INOX Air Products
- Type: Private
- ISIN: INE321A01012
- Industry: Industrial gases
- Predecessor: Industrial Oxygen Company Private Limited
- Founded: 1963
- Founder: Devendra Kumar Jain
- Headquarters: Mumbai, India
- Area served: India
- Key people: Pavan Jain, Siddharth Jain
- Products: Argon; Carbon dioxide; Carbon monoxide; Helium; Hydrogen; Nitrogen; Medical and industrial oxygen; Rare gases;
- Revenue: ₹1,558 crore (US$160 million) (2020)
- Operating income: ₹1,783 crore (US$190 million) (2021)
- Net income: ₹859 crore (US$89 million) (2021)
- Owner: Jain family Air Products & Chemicals.
- Parent: Inox Leasing and Finance Limited (49.74%) Air Products & Chemicals (49.74%)
- Website: inoxairproducts.com

= Inox Air Products =

Indian industrial & medical gases company

INOX Air Products, also known as INOX AP, is the India-based industrial gas company. It is a joint venture between Industrial Oxygen Company and Air Products & Chemicals. The company is engaged in the manufacturing, trading, and supply of industrial and medical gases including oxygen, nitrogen, argon, hydrogen, helium, nitrous oxide, acetylene, and specialty gas mixtures.

== History ==
The company was established by the Jain family in the year 1963, as Industrial Oxygen Company Private Limited in Pune, India.
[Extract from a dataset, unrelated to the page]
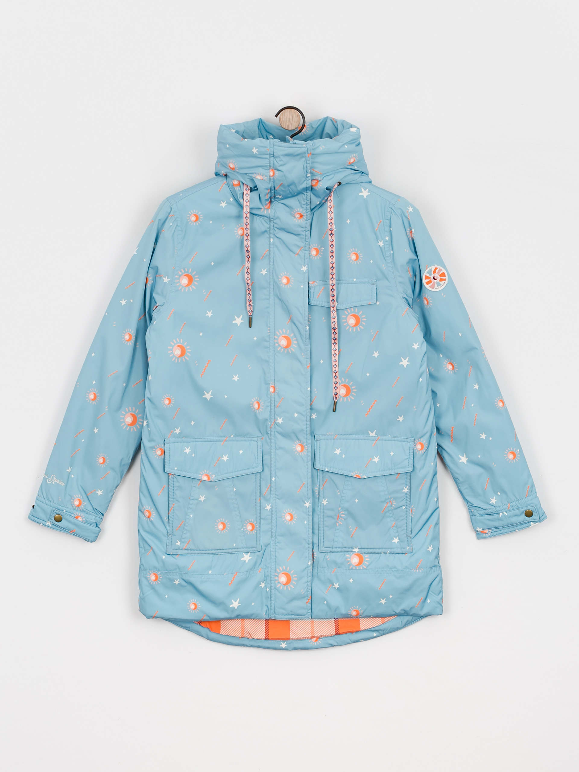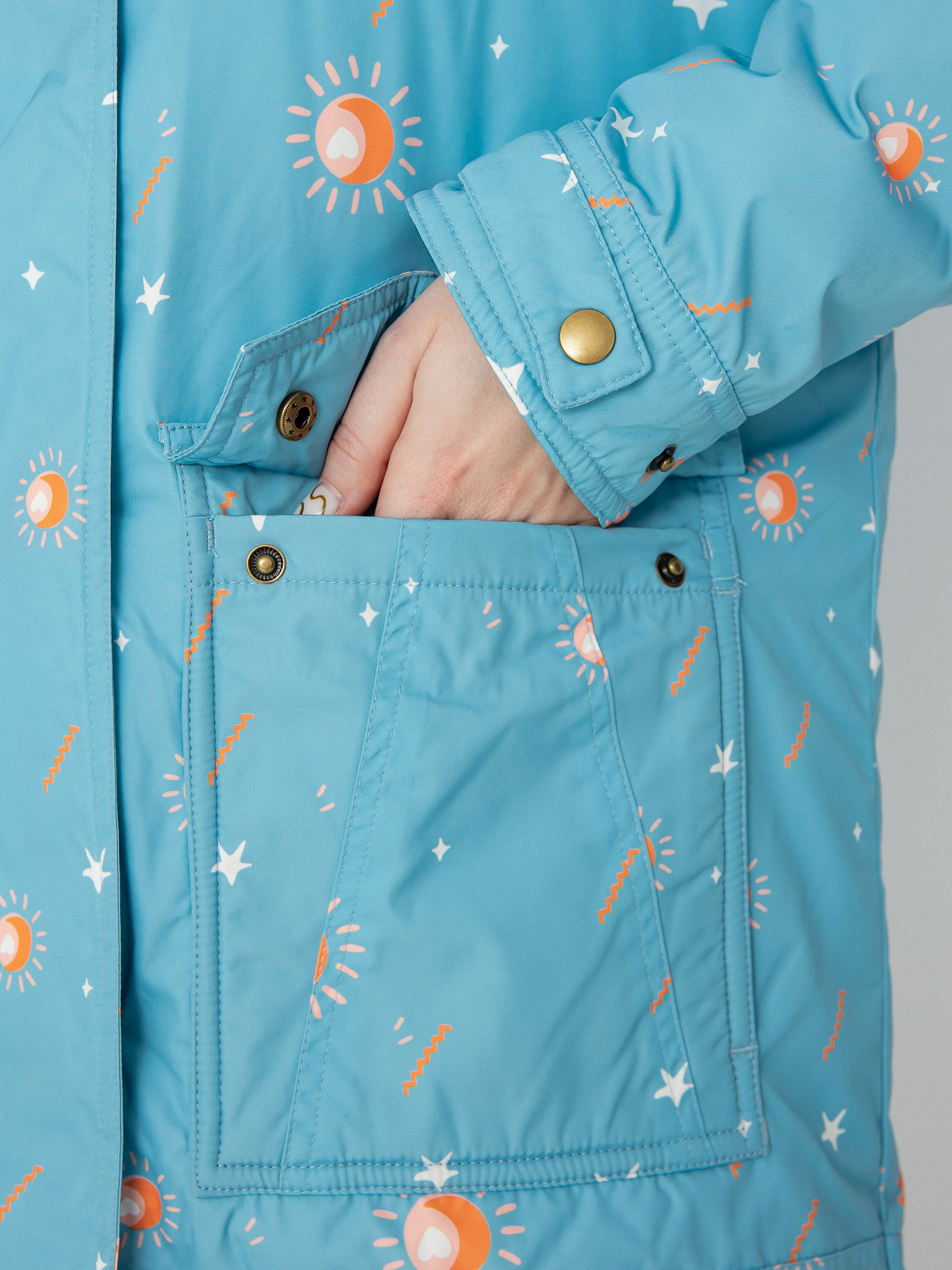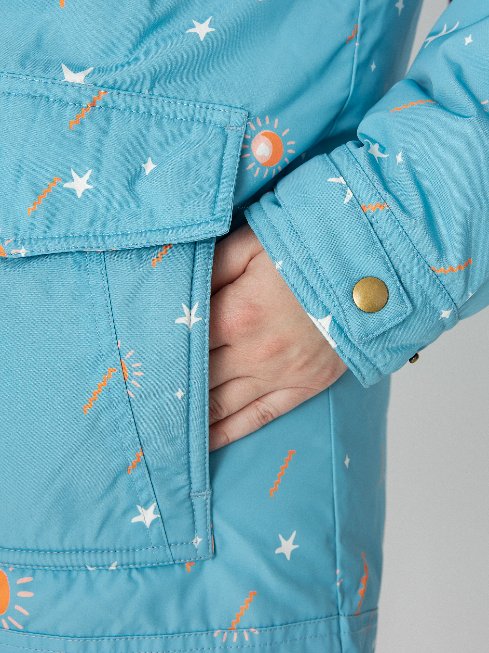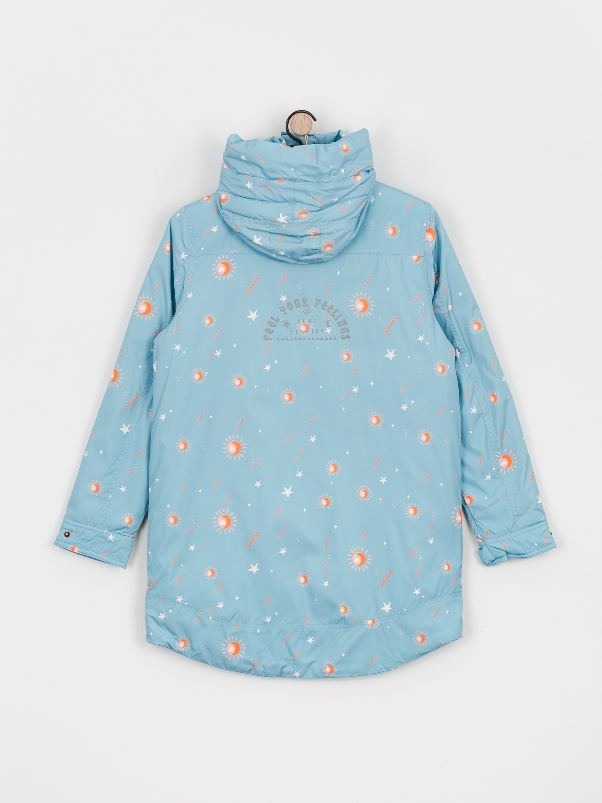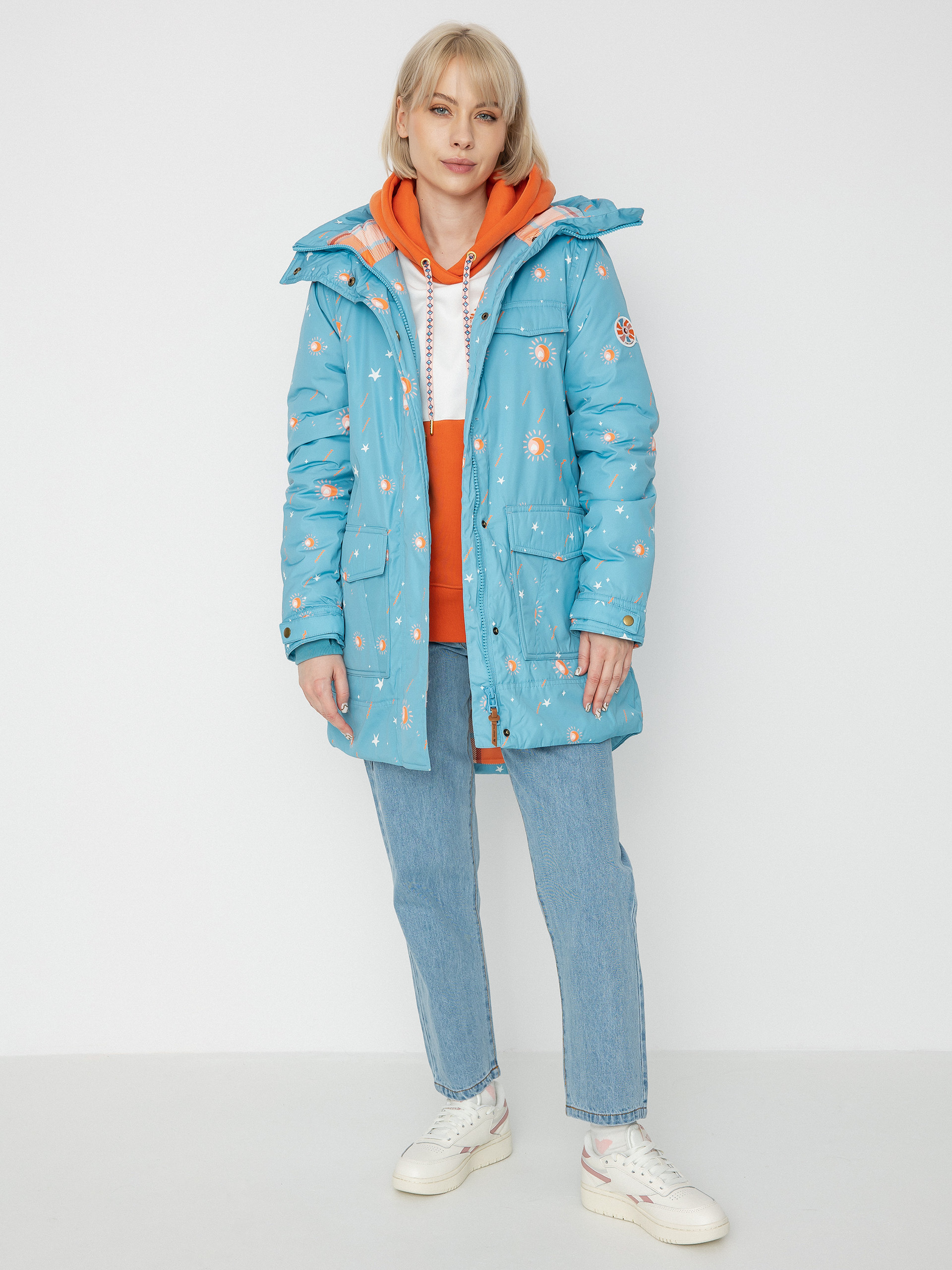 • Kurtka Zino w kolorze niebiańsko niebieskiego nieba, to kolejna wyjątkowa pozycja na liście tegorocznej, jesiennej kolekcji. Wykonana z tkaniny o splocie wodoodpornym. Materiały z której została wykonana pochodzą z recyklingu. Grubość kurtki zapewnia wysoki komfort cieplny, a zdobiona powierzchnia oraz drukowany kaptur, są subtelnym wyrazem azteckiej kapsuły. Długość kurtki sięga połowy uda. Zino posiada także wygodny kaptur, odblaskowy nadruk na plecach oraz zapinane napy, dzięki czemu będziecie mogły schować do kieszeni niezbędne gadżety i wyruszyć na przygodę!
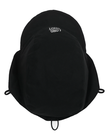 For this All Black Everything version we’ve used the organic R140 rip-stop, dry waxed cotton from Halley Stevensons of Dundee. The lining is a 'warp knitted polyester micro fleece woven in Nottingham, and the peak is reinforced with a wire insert. An elastic shock-cord allows adjustment of size right around the head, making it a ‘one size fits all’ hat that does actually fit everyone comfortably. Following our mantra of ‘Aesthetics over Athletics’ we’ve even kept those little loops on the earflap which seemingly serve no other purpose than to look really tech and cool.

In 1999, Air Products & Chemicals Inc., acquired a 50 percent equity stake in the company, and a new entity was incorporated; INOX Air Products.

The company is headquartered in Mumbai and it operates 44 plants across the country for supplying medical and industrial gases. During the COVID-19 pandemic, the company became one of the largest producers of medical oxygen by supplying it to hospitals across India.

== Operations ==
In West Bengal, INOX AP has the largest storage capacity of 1,000 tonnes and the pan-India distribution infrastructure. The company has been supplying medical Oxygen to hospitals in the state using its fleet of 54 specialized cryogenic tankers with a total trunking capacity of 380,000 liters of Oxygen.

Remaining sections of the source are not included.